- SUPPLIED INFORMATION -
========================================================================
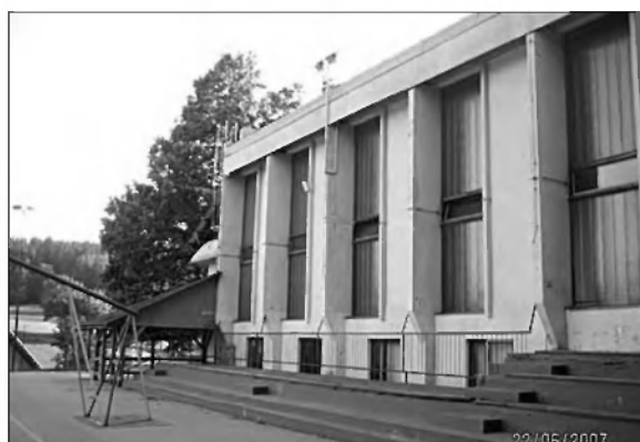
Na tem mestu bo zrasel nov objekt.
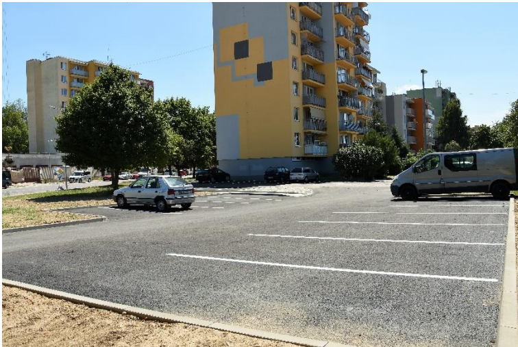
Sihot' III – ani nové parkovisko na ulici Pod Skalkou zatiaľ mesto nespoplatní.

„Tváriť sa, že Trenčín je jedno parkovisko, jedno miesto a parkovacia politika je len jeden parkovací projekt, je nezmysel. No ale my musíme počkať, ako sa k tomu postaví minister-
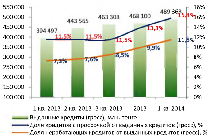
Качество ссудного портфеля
========================================================================
- REQUIREMENT -
Each word of the data should be repeated exactly, and the pictures left out.

- RESPONSE AREA -
Na tem mestu bo zrasel nov objekt.
Sihot' III – ani nové parkovisko na ulici Pod Skalkou zatiaľ mesto nespoplatní.

„Tváriť sa, že Trenčín je jedno parkovisko, jedno miesto a parkovacia politika je len jeden parkovací projekt, je nezmysel. No ale my musíme počkať, ako sa k tomu postaví minister-
Качество ссудного портфеля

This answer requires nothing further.